Sibylla asked what had happened to my skateboard. I thought of the long line of closed doors, the house for sale, the long grass. I knew I couldn’t go back. I said it had got stolen. I said it didn’t matter. I kept thinking of the boy who wasn’t my brother.
I thought of the prisoners of fate who couldn’t hope for better luck.
I thought: Why would I even WANT a father. At least I was free to come and go. Sometimes I’d pass a council bus with a message on the back: SOUTHWARK: WHERE TRUANCY IS TAKEN SERIOUSLY, and I’d walk north across Tower Bridge to the City, where truancy was not taken seriously. What kind of father would put up with that? I should quit while I was ahead.
I had stopped sleeping on the floor. I had stopped eating grasshoppers au gratin with a sauce of sautéed woodlice. Sibylla kept asking if something was wrong. I said nothing was wrong. The thing that was wrong was that nothing was ever going to change.
I decided to do something Hugh Carey would not have done at age 11. I thought if I worked through the Schaum Outline series on Fourier analysis that would be safe enough because according to Sib it is not taught in schools. HC had probably never studied it at all. I thought maybe I would do Lagrangians just to be on the safe side. Maybe I would do some Laplace transforms too.

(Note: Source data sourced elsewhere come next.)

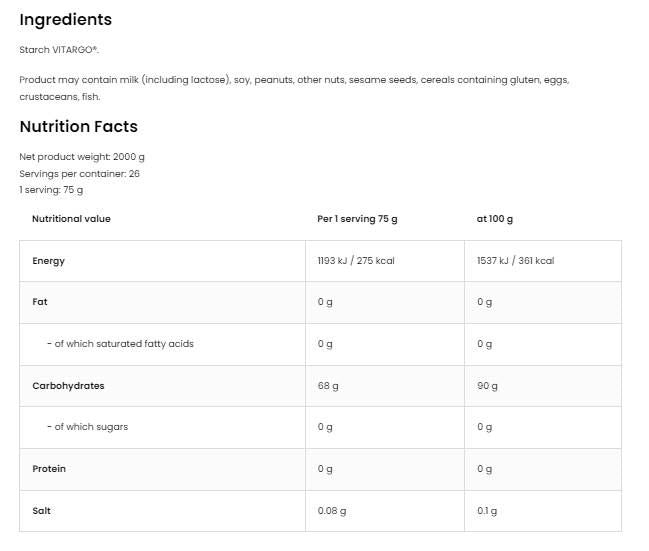 Нишестето, наричано още полизахарид, е основният въглехидрат, намиращ се в зиълурненуну растения, картофи и други грудки и корени. VITARGO е вид въглехидрат, който се извлича именно от нишесте. Те се характеризират с високо молекулно тегло и високи нива на осмоларност. В резултат на това те имат способността бързо да попълват мускулния гликогенано и не лесно смилаема енергия.
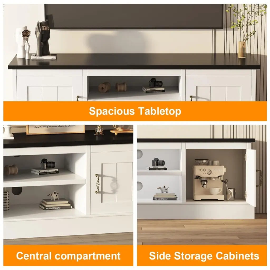 Farmhouse Tv Stand For 65 Inch Tvs Entertainment Center With Storage Cabinets Modern Media Console Table For Living Room Office
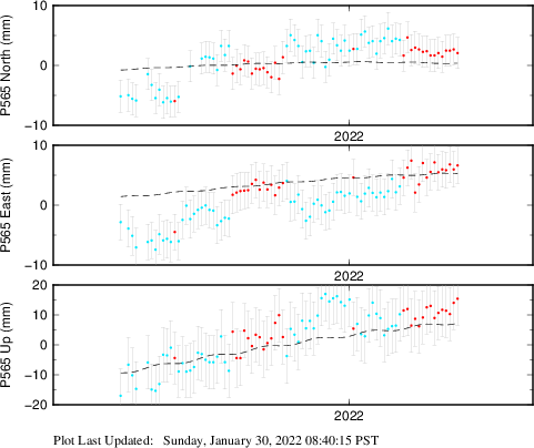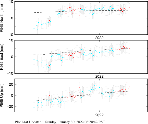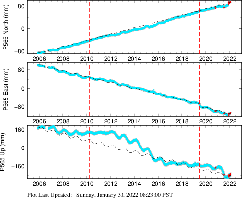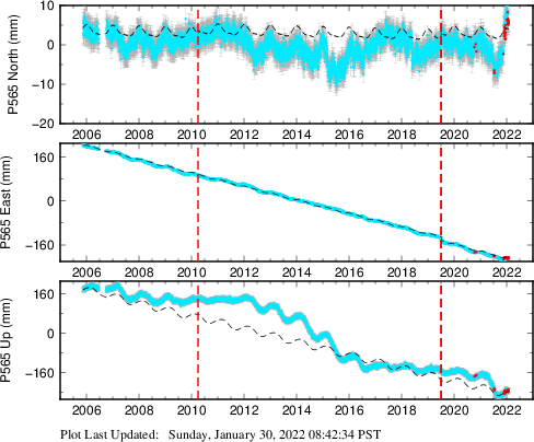 These results are preliminary. The station positions are unchecked and should not be used for any engineering applications. There may be errors in the antenna heights. The velocities are very dependent on the length of the span of observations. The presence of outliers (errant observations) sometimes contaminates the velocities.
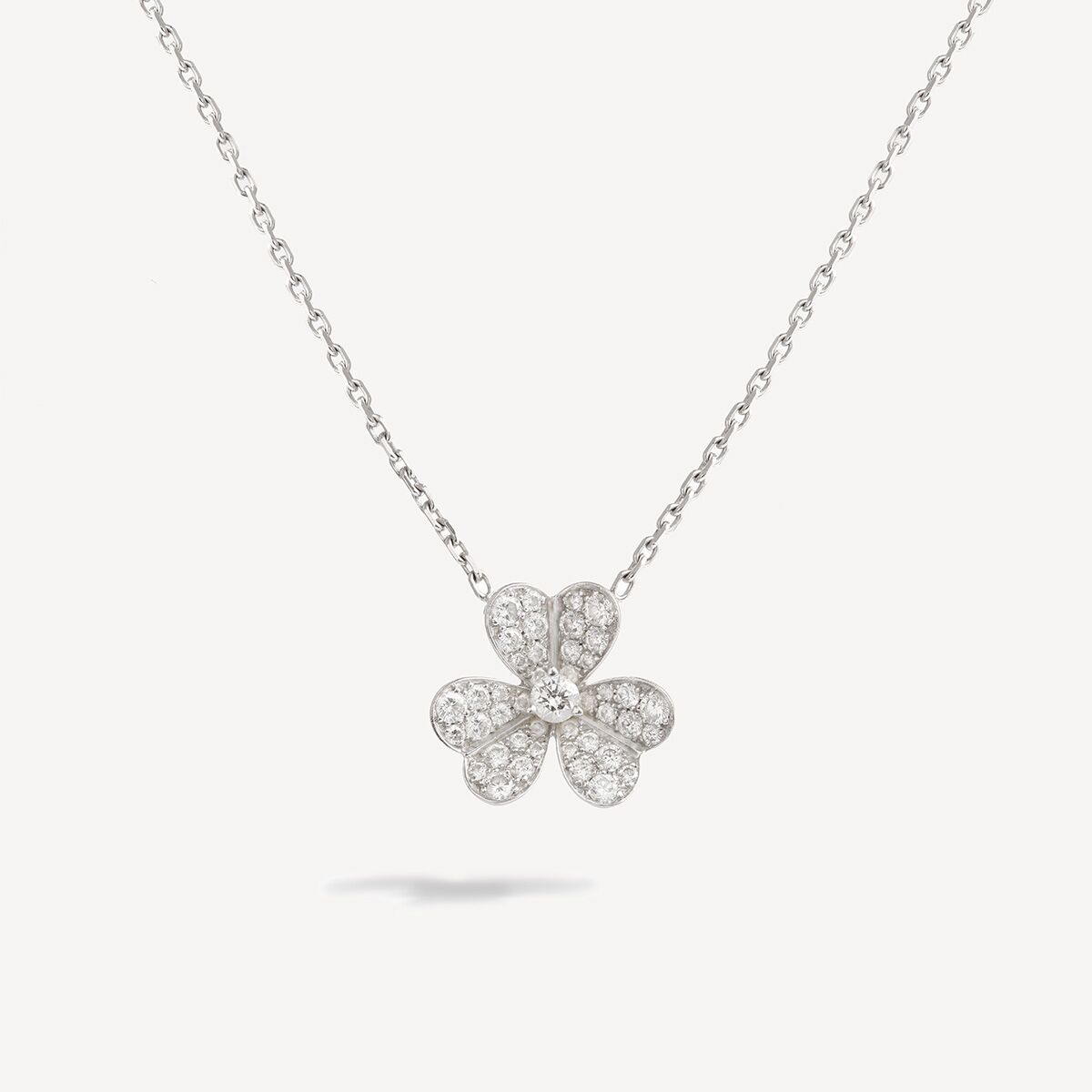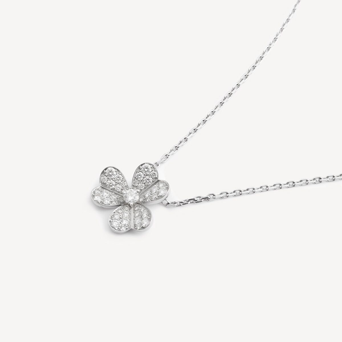 Frivole pendant by Van Cleef & Arpels, in 18-carat white gold with its diamond-paved cloverleaf.
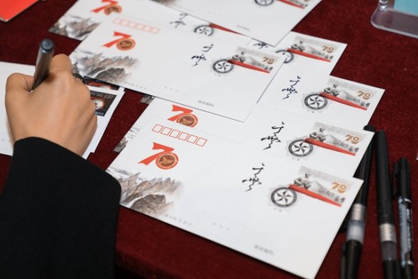 主题邮局内气氛热烈,邵柏林作品展和主题邮局首场邮票设计师见面会正在同时进行。据工作人员介绍,主题邮局一开门就涌进了大批集邮爱好者,许多集邮迷在收到“中国集邮”订阅号发出的预告后就早早安排好了行程。有的集邮者表示邵柏林先生是新中国第一位邮票总设计师,也是集邮者心中的邮票设计大师,展览提供了一个深入了解邵老师的机会,十分难得;有的集邮者说十分期待见到阎炳武老师,他的作品数量多内容精设计美,其雕刻作品更是件件经典;有的集邮者说于雪女士佳作不断,是近年涌现出的优秀年轻设计师,特别是去年设计的《中国人民志愿军抗美援朝出国作战70周年》等多套邮票颇受邮迷追捧;有的集邮者专门冲着《张载诞辰一千年》个性化邮票设计者郭志义先生而来,不仅现场买到了这件市场反响好的邮品并请他签名,还欣喜于收藏他的签名手绘作品。虽然现场集邮者众多,但始终秩序井然。康宁肯定了主题邮局工作人员在活动组织、秩序引导等方面所做的工作。
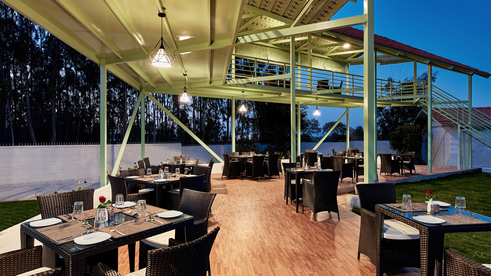 A uniquely shaped restaurant, overlooking the pool, serves irresistible Indian and Tandoori cuisine to tickle your taste buds.
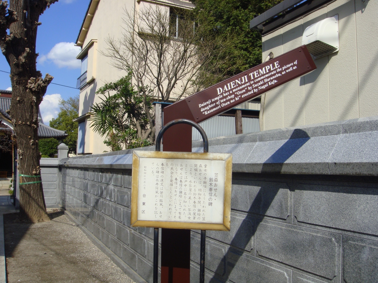 谷中にある大円寺の前に「笠森お仙、鈴木春信の碑」があります。お仙は、笠間稲荷社前の茶屋「鍵屋」の看板娘で、江戸の三美人の一人。絵師鈴木春信はその姿を当時全く新しい絵画方式である多色刷り版画「錦絵」に描きました。そのお仙に関係の深い笠森稲荷を合祀している大円寺に2つの碑が建てられた。と書いてありました。
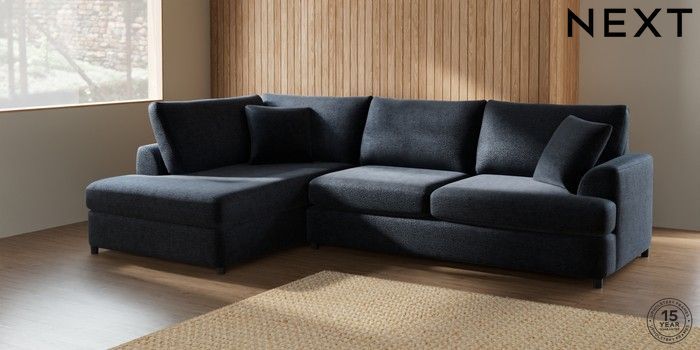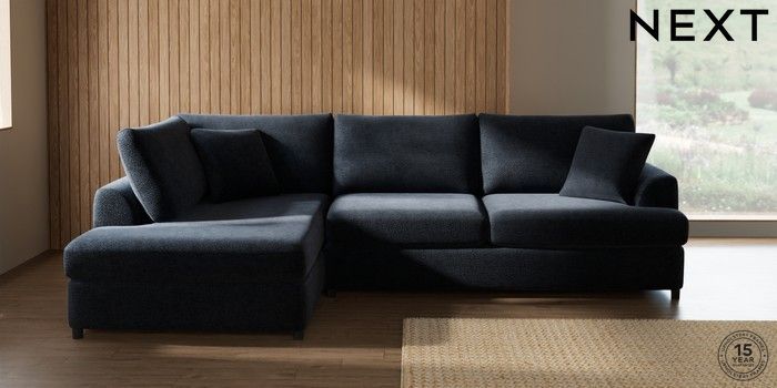 7.2.10 Parker Platform Large Corner Chaise - Left Hand Boucle Chenille Dark Slate Blue Glide | Made Click here to use our website with more accessibility support, for example screen readers
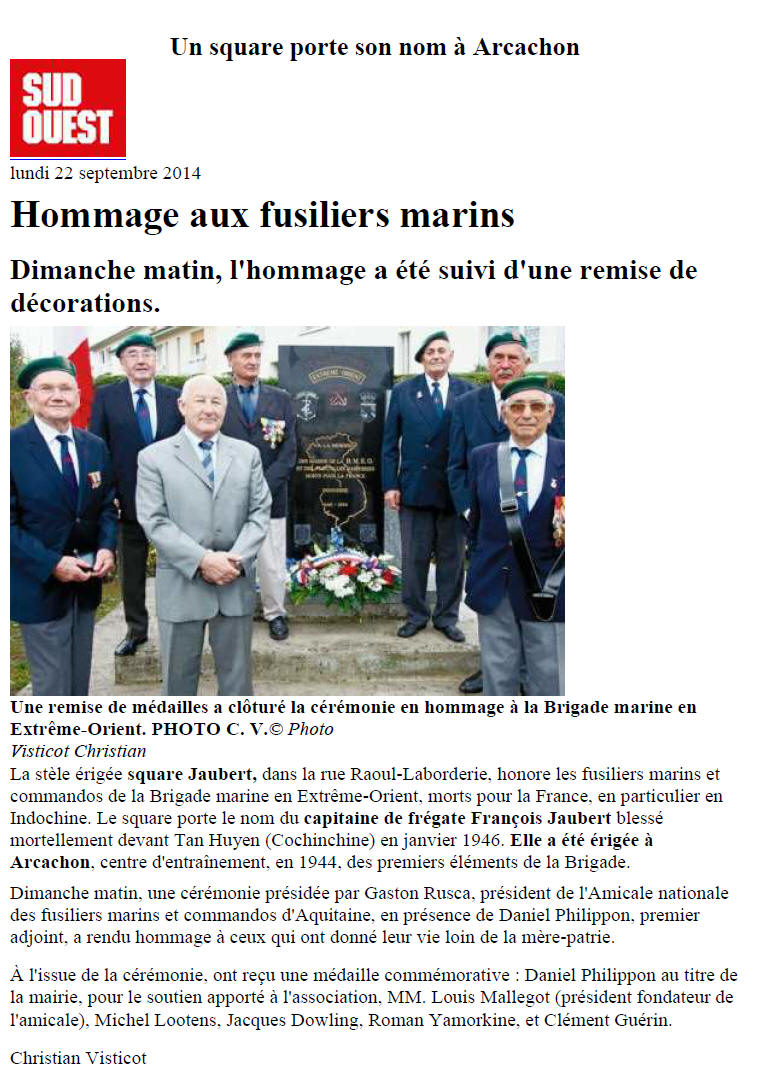 Cérémonie d'hommage au Capitaine de frégate JAUBERT, qui donna son
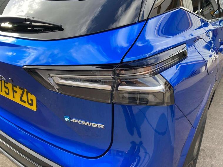 2 front USB-C ports, 2 rear USB-C ports, 360 degree Intelligent around view monitor with moving object detection, Blind spot warning, Drive assist custom mode, Drive modes (sport, normal, eco), Driver drowsiness and attention warning, e-Pedal step, Electric speed sensitive power steering, Emergency and breakdown call, Emergency lane keep assist, Emergency Stop Signal (ESS), Engine start/stop button, EV mode switch, Event data recorder, Front and rear parking sensors, Full Digital 12.3" TFT Digital Combimeter, Google virtual personal assistance, Idle stop/start system, In-car WIFI hotspot, Intelligent Cruise control (ICC), Intelligent driver alert system, Intelligent forward collision warning, Intelligent lane intervention, Intelligent speed assist, Lane departure warning system, Maximum speed limiter, Nissan connect 12.3 inch touchscreen infotainment system, Nissan connect navigation with google maps, Nissan connect services 2.0 (Google Automotive System), Outside temperature sensor, Propilot assist with Navi-Link, ProPilot park, Rear cross traffic alert, Remote control services - door locks, lights, horn and car locator, Reversing detection, Traffic jam pilot, Traffic sign recognition with legal speed adjustment, Trip computer, Wireless Apple CarPlay/Android Auto, Wireless charging pad, Limited slip differential, 6 speakers, AM/FM audio system with DAB, Bluetooth audio streaming, Auto dimming frameless rear view mirror, Auto rear wiper when reversing, Body colour mirror caps, Body coloured door handles, Bodyside mouldings, Chrome side window finisher, e-POWER badging, Electric auto folding door mirrors, Electrically adjustable and heated door mirrors with LED turn indicator, Follow me home headlights, High beam assist, Intelligent auto headlights, LED 3rd brake light, LED daytime running lights, LED Headlights, LED rear lights, One touch front and rear electric windows with remote opening and closing, One touch passenger window, Partially body coloured bumpers, Rain sensing wipers, Rear privacy glass, Rear roof spoiler, Rear side wing doors, Rear styling plate, Shark fin antenna, Silver roof rails, Splash free rain sensing wipers, Super UV and infrared cut glass, Three blink turn signal, 12v power socket in dashboard and luggage, 3 bench rear seats in 2nd row, 3 rear headrests, 60/40 split folding rear seat bench, Chrome interior door handles, Cloth upholstery, Driver and passenger sunvisors with illuminated vanity mirrors, Driver seat back pocket, Dual zone automatic climate control with pollen filter, e-POWER shifter, Electrically adjustable lumbar support for driver, Front centre console and armrest, Front cupholders, Front door with bottle holders, Height adjustable driver seat, Height adjustable front headrests, Height adjustable passenger seat, Luggage board system, Luggage space lighting, Multifunction steering wheel, Passenger seat back pocket, Rear door bottle holders, Rear seat armrest with 2 cupholders, RGB ambient light (Full area coverage), Single front passenger seat, Smooth leather steering wheel, Tilt/telescopic adjustable steering wheel, Two rear isofix child seat anchorage points with top tether, 3x3 point rear seatbelt pretensioners + load limiters, ABS with EBD and brake assist, Autonomous emergency braking, Child locks on rear doors, Curtain and front side, far side airbags, Driver and passenger airbags, Driver, passenger and 2nd row rear seat belt reminder, Electric handbrake with auto hold function, Front seatbelt pretensioners + load limiters, Height adjustable front seatbelts, Hill start assist, Intelligent blind spot intervention, intelligent front emergency braking, Intelligent rear automatic braking, Tyre pressure monitoring system, Vehicle dynamic control, Engine immobiliser, Intelligent key with walk away lock and approach unlock functions, Remote central door locking with deadlocking, Thatcham alarm, 18" Diamond cut alloy wheels, Tyre puncture repair kit,
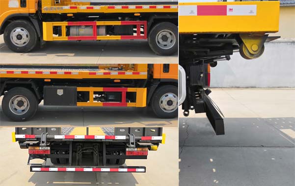 |  | 排放标准: | GB3847-2005,GB17691-2018国Ⅵ |  | 轴数: | 2 | 前轮距: | 1665,1744,1760,1804,1833,1840(mm) |  | 轴距: | 3300,3400,3550,3800 | 后轮距: | 1650,1750,1790,1800,1811,1835,1860,1888,1900(mm) |  | 轮胎数: | 6 | 轮胎规格: | 7.00R16 10PR,7.50R16 8PR,8.25R16 6PR |  | 燃料种类: | 柴油 | 弹簧片数: | 1/1+1,4/3+3,8/10+8,9/11+8,9/9+6,3/5+3 |  | 轴荷: | 1800/2695 | 驾驶室乘人数: | 2,3 |  | 整车备注: | 托举质量500千克。随底盘选装驾驶室,选装伸缩板结构,选装车尾部托架型式,选装后部支撑板结构样式,选装后部安装托板结构。ABS生产厂家:威伯科汽车控制系统(中国)有限公司,型号:ABS-E4S/4M;浙江万安科技股份有限公司,型号:VIE ABS-II;广州瑞立科密汽车电子股份有限公司,型号:CM4XL-4S/4M;芜湖伯特利汽车安全系统有限公司,型号:WBTL-ABS。侧防护装置材料:Q235B,连接方式:螺栓连接;后下部防护装置材料:Q235B,连接方式:螺栓连接,防护截面尺寸(mm)120×50,离地高400mm。该车主要装置为托举平板,用于清除道路障碍。车长/轴距/前悬/后悬对应关系为(毫米):5995/3300/1150/1545,5995/3300/1190/1505,5995/3300/1230/1465, 5995/3400/1150/1445,5995/3400/1190/1405,5995/3400/1230/1365,
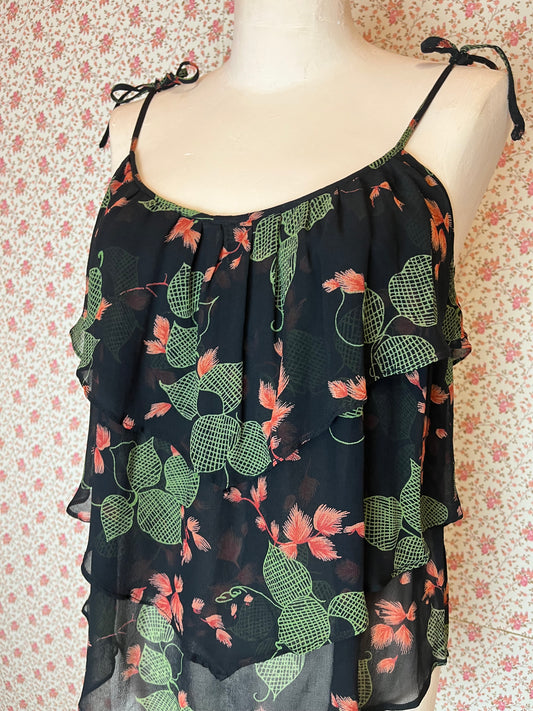 Vintage 1970s C&A Vine Printed Tiered Cami Top
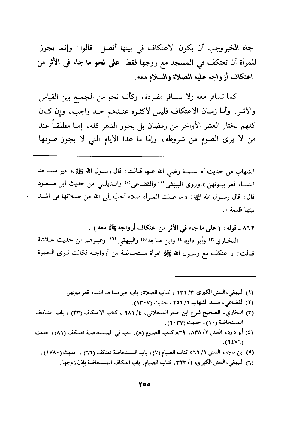 البخاري وأبو داود وابن ماجه والبيهقي وغيرهم من حديث عائشة قالت: "اعتكف مع رسول الله - صلى الله عليه وسلم - امرأة مستحاضة من أزواجه فكانت ترى الحمرة

Sibylla was typing Tropical Fish Hobbyist. No one was going to take me galloping across the Mongolian steppe. No one was going to take me to the North Pole any time soon.
One day I went with Sibylla to Tesco’s.
A brilliant white light beat pitilessly down, like the fierce desert sun at midday on the French Foreign Legion; the glittering floor dazzled the eye with the cruel desert glare.
We walked slowly through the cereals.
Vast boxes of cornflakes and bran flakes rose on either side; as we reached the muesli a cart turned the corner and turned into the aisle, propelled by a fat woman and followed by three fat children. One was crying into a fat fist, and two were arguing about Frosties and Breakfast Boulders, and the woman was smiling.
She came down the aisle and Sibylla stopped and stood by the cart, motionless as the boxes of cornflakes on their shelves. Her eyes were like black coals, and her skin like pale dirty thick clay. From her absolute silence, from her black staring eyes, I knew that this mild fat woman was someone she had hoped never to see again.
The cart, and the woman, and the children came forward, and suddenly the woman’s eyes shifted from the boxes of cereal, and across the mildness spread a look of pleased surprise.
Sybil! she exclaimed. Is it really you?
This was obviously someone who knew Sib about as well as she knew her name. No one who knew Sibylla well would have opened a conversation with a remark of such unparalleled fatuity.
Sib stared at her dumbly.
It’s me! said the woman. I suppose I’ve changed a lot, she added grimacing comically. Kids! she added.
The little wet fist fell, and small eyes gazed at a box on which brightly coloured cartoon characters consumed representations of the product.